The OECD has warned that “continued and deepening trade policy tensions” have created an “increasingly fragile and uncertain” outlook for the world economy as it slashed its global growth projections.
“Escalating trade policy tensions are taking an increasing toll on confidence and investment, adding to policy uncertainty, weighing on risk sentiment in financial markets, and endangering future growth prospects,” the Organization for Economic Co-operation and Development said in its Interim Economic Outlook, published on Wednesday.
“Collective effort is urgent to halt the build-up of trade-distorting tariffs and subsidies, and to restore a transparent and predictable rules-based system that encourages businesses to invest,” it said.
The international economic policy and research institution forecast that the world economy will grow by just 2.9 per cent this year, down from 3.6 per cent last year and a reduction of 0.3 percentage points from its May forecast. That would mark the slowest global growth since the 2008-09 financial crisis. It doesn’t expect 2020 will look much better, projecting expansion of just 3 per cent next year, down from 3.4 per cent in May.

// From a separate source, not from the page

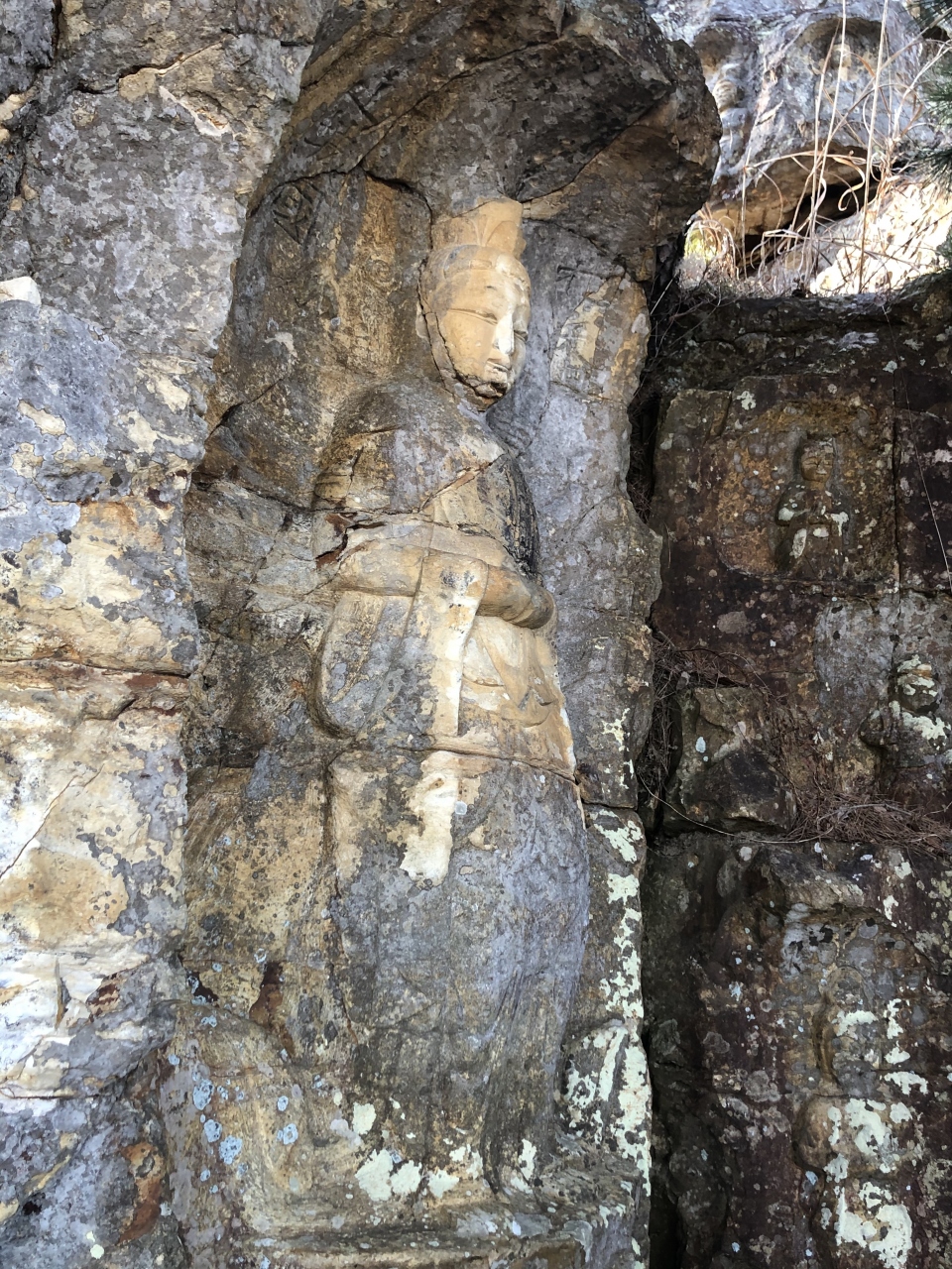 福島滞在中の週末、芭蕉ゆかりの信夫文知摺観音を訪れた後、岩谷観音を訪れた。私はインドのアジャンター、エローラの石窟をおとずれて、摩崖仏には大いに関心がある。日本では宮城県の瑞巌寺で小規模な摩崖仏を見ることができた。

The OECD said the continuing U.S.-China trade dispute has pummelled global export demand, stifled manufacturing activity and slowed business investment to a crawl. It characterized global trade as “exceptionally weak,” noting that trade volumes declined in the second quarter. It added that uncertainty surrounding Brexit and the recent drone strikes on Saudi oil facilities are adding to already elevated instability.
Canada was one of the few bright spots among advanced economies in the updated outlook, as the OECD increased its 2019 growth estimate to 1.5 per cent from 1.3 per cent, reflecting the country’s much stronger-than-expected economy in the second quarter. But the OECD slashed its growth projection for 2020 to 1.6 per cent from 2 per cent, as the impact from global trade woes sinks in.
The OECD’s new 2019 projection is higher than the Bank of Canada’s most recent forecast of 1.3 per cent issued in July. But its 2020 call is lower than the Bank of Canada’s 1.9 per cent. The Canadian central bank will issue its own quarterly update of its projections at the end of October.
While the OECD report applauded Canada’s “strong job and real wage growth” as a key source of economic strength over this year and next, it warned that the deteriorating global trade environment will weigh on exports and business investment.
Toronto-Dominion Bank also trimmed its growth forecasts on Wednesday – coincidentally, matching the OECD forecasts for Canada and the world. Beata Caranci, chief economist at TD, said that while Canada’s economy over all hasn’t yet suffered major damage from the trade war and the global slowdown, the cracks have begun to show.
“It’s evident that things like manufacturing have not been doing well. It mirrors what we’re seeing in the U.S. and globally,” Ms. Caranci said. “We’ve seen it in [slowing] business investment, too.”
The outlook for the United States took a serious hit from the trade tensions. The OECD cut its 2019 growth forecast to 2.4 per cent from 2.8 per cent, and its 2020 forecast to 2 per cent from 2.3 per cent.
The agency lowered its China growth forecasts to 6.1 per cent in 2019 and 5.7 per cent in 2020, down 0.1 and 0.3 percentage points, respectively.
It estimated that the tariffs imposed by the United States and China against each other, if they remain in place, would reduce global gross domestic product by about 0.6 per cent over the next two years combined. The impact would be greater on China, with a drag on its GDP of about 1 per cent, and on the United States, with an estimated hit of about 0.7 per cent.
“China and the United States would be most affected by these shocks, but all economies are adversely affected by rising uncertainty, with business investment impacted severely in the major economies,” the report said.
And it warned that things could get worse.
“Significant downside risks could further weaken growth,” it said. “Risks remain that U.S.-China trade tensions will intensify and spill into new areas, further disrupting supply networks, reducing and distorting trade, and weighing on confidence, growth and jobs.”